Now we're at about 98% accurate! Getting better!

## Why did it take forever?
This time, the training took significantly longer than for the simple DNN. Naively, you might think that there were about twice as many parameters to train, so it should take longer. But it took much more than twice as long to train! The difference is that convolutions are much more computationally intensive to perform, both for the forward and backward propagation. This is part of the reason why GPUs are exceptionally good for ML applications in general and CNNs in particular: they are optimized for these types of operations (because of their primary application in generating computer graphics), and so training goes much faster.

# Peeking Under the Hood
In this case, the training took a very long time to run. We get some high level information about how the training is progressing, but it'd be nice to have more information. Fortunately, there's a tool that can help us do this. If we're using TensorFlow as the computational backend, the program _TensorBoard_ can be used to give us information about the network as it's running (and after it's been run).

To make use of TensorBoard, we add what's known as a `callback` to Keras's `fit` method on a Model object.
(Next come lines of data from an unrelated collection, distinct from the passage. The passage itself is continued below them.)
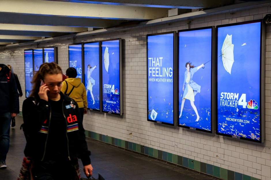 Самые большие экраны, 65 или 55 дюймов, будут находиться над землей над входами в метро. Срюбас прокомментировал, что эти ультра-яркие, погодоустойчивые экраны являются самыми дорогими из всей линейки цифрового инвентаря.
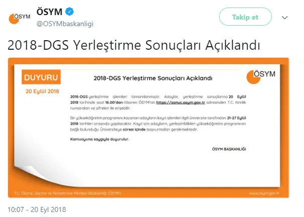 DGS tercih sonuçları 'https://sonuc.osym.gov.tr/' üzerinden sorgulanabiliyor.
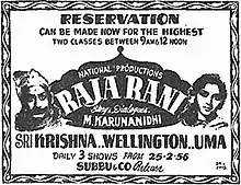 - ↑ "Raja Rani". The Indian Express. 23 February 1956. p. 3. Retrieved 5 May 2022.

Then from the command line, we open up TensorBoard and can visualize what's going on.

In [None]:
# reinstantiate our model, add a callback, and train again
model = Sequential()
model.add(Conv2D(64, kernel_size=3, activation="relu", input_shape=(28, 28, 1)))
model.add(Conv2D(32, kernel_size=3, activation="relu"))
model.add(Flatten())
model.add(Dense(10, activation="softmax"))

# make a TensorBoard callback
cb = keras.callbacks.TensorBoard(log_dir="./logs")

# compile and train the model with our callback
model.compile(optimizer="adam", loss="categorical_crossentropy", metrics=["accuracy"])
model.fit(X_train, y_train, validation_data=(X_test, y_test), epochs=3,
          callbacks=[cb])

## Using TensorBoard
While that is running, open up a terminal, and navigate to the directory where these notebooks are. You should see a directory called `logs`. For example:
```bash
$ ls
Installation.ipynb  Lesson2.ipynb  Lesson4.ipynb  data    logs
Lesson1.ipynb       Lesson3.ipynb  Lesson5.ipynb  images

$ tensorboard --logdir=./logs
```
This will open up the TensorBoard program, which will give you access to quantities like the accuracy and loss values as a function of training epoch, as well as a visualization of the TensorFlow graph that's been generated by the model. There are a lot of nice features that TensorBoard has in it, so take a look!